Зуфар не понимал, в чем дело. Кому понадобился этот патлатый пророк? Тебриз близок от турецкого Курдистана. "Ты, Зуфар, турок, - говорил ему Ибн-Салман, - узбекский турок. Ты пойдешь через границу вместе с ним... С пророком Хусейном. Ты будешь делать большое дело, нужное дело. А сейчас..." Пока что Зуфар был слугой и учителем. Он готовил Хусеину плов и просвещал его, объяснял ему, как живут советские люди, что такое колхозы, пятилетка, индустриализация.

Патлатый пророк почесывался и ворчал. Конечно, он ворчал только в отсутствие грозного Ибн-Салмана. Он не мог понять, что мешает ему плюнуть на все, на сатану араба и... просто затеряться в толпе тебризского базара. Ну а потом... Ни один парикмахер не посмеет сбрить его дервишеские, полные вшей кудри. Да и сколько усилий воли нужно, чтобы переступить порог цирюльни. Но воли у Хусейна не осталось. Хусейн курил много гашиша. Гашиш делает человека мягким, податливым. Зеленые глаза сатаны гнали Хусейна на базар проповедовать. Он шлепал босыми растрескавшимися ногами по пыли пограничного селения Агамедбейли и проповедовал. Что? Он сам не знал, что проповедовал.

Почему патлатый, прокуренный гашишем Хусейн откровенничал с Зуфаром? Возможно, потому, что знал его как верного слугу и помощника араба. Возможно, потому, что Зуфар располагал к себе молодостью и открытым лицом. Или потому, что Зуфар говорил на довольно приятном тюрку Хусейну узбекском языке. К тому же Зуфар не корчил из себя господина и обращался с несчастным, вечно пьяненьким от гашиша пророком снисходительно. Именно Зуфар находил патлатого Хусейна на базаре на куче мусора и, не ругая, почти ласково тащил его под руку домой и укладывал на одеяле.

Джаббару ибн-Салману не нравилась жалость Зуфара к "слюнтяю" Хусейну. Араб не раз выговаривал хивинцу за его добродушие: "Вы не годитесь, клянусь, вы не тот..."

Для чего Зуфар не годился? Почему он был "не тот"? Смысл упреков Джаббара ибн-Салмана не был понятен хивинцу. И он страдал, что заслужил эти упреки.
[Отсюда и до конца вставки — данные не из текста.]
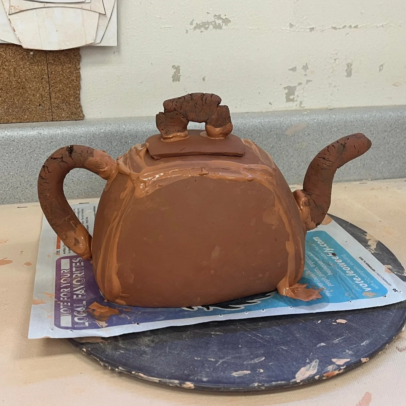 I’m going to start the week with playing around with Joe Pintz’s Endicott clay body recipe. I’m excited to play around with a terracotta clay. Hilariously enough, my clay is ripe enough that the color shifted to a deep brown color that I like more than the brighter red dried color. So lets see if I can actually get a clay body that is naturally that beautiful brown.

Зуфар проникся глубоким уважением к Ибн-Салману, считал его сильным, справедливым человеком и верил ему.

Прикажи араб Зуфару самому превратиться в пророка, отпустить длинные волосы, завести вшей, и он беспрекословно бы согласился. Он все более приходил к убеждению, что Джаббар ибн-Салман выполняет какое-то очень важное, очень таинственное задание Советов на Востоке и что ему, Зуфару, выпала завидная участь быть его помощником... Помощником в чем? Зуфар еще не знал. Он вспоминал, каким вниманием, какими заботами окружил араб его и Эусена Карадашлы, когда подобрал их, умирающих, на краю солончака смерти. Зуфар долго после солончака болел, и в бреду все смешалось: безжалостный блеск соли, жажда, боль и участливое лицо араба, лицо доброго джинна из сказки.

В последние дни добрый джинн посматривал все чаще на Зуфара. Все чаще он заходил в его каморку и, усевшись на ковре, попивал молча кофе. Изредка они перебрасывались короткими фразами. Оранжевые блики заходящего солнца переплескивались через щербатый порог. В дверь врывались шумы и запахи вечернего селения Агамедбейли. Но казалось, Джаббар не замечал ничего. Он пил свой кофе и в упор разглядывал лицо молодого хивинца. Он думал. И Зуфару делалось неловко. Он чувствовал себя провинившимся мальчишкой. Только он не знал, в чем он провинился. Очень он хотел знать, в чем, чтобы исправить свою вину и сделать приятное своему спасителю и покровителю. Но как?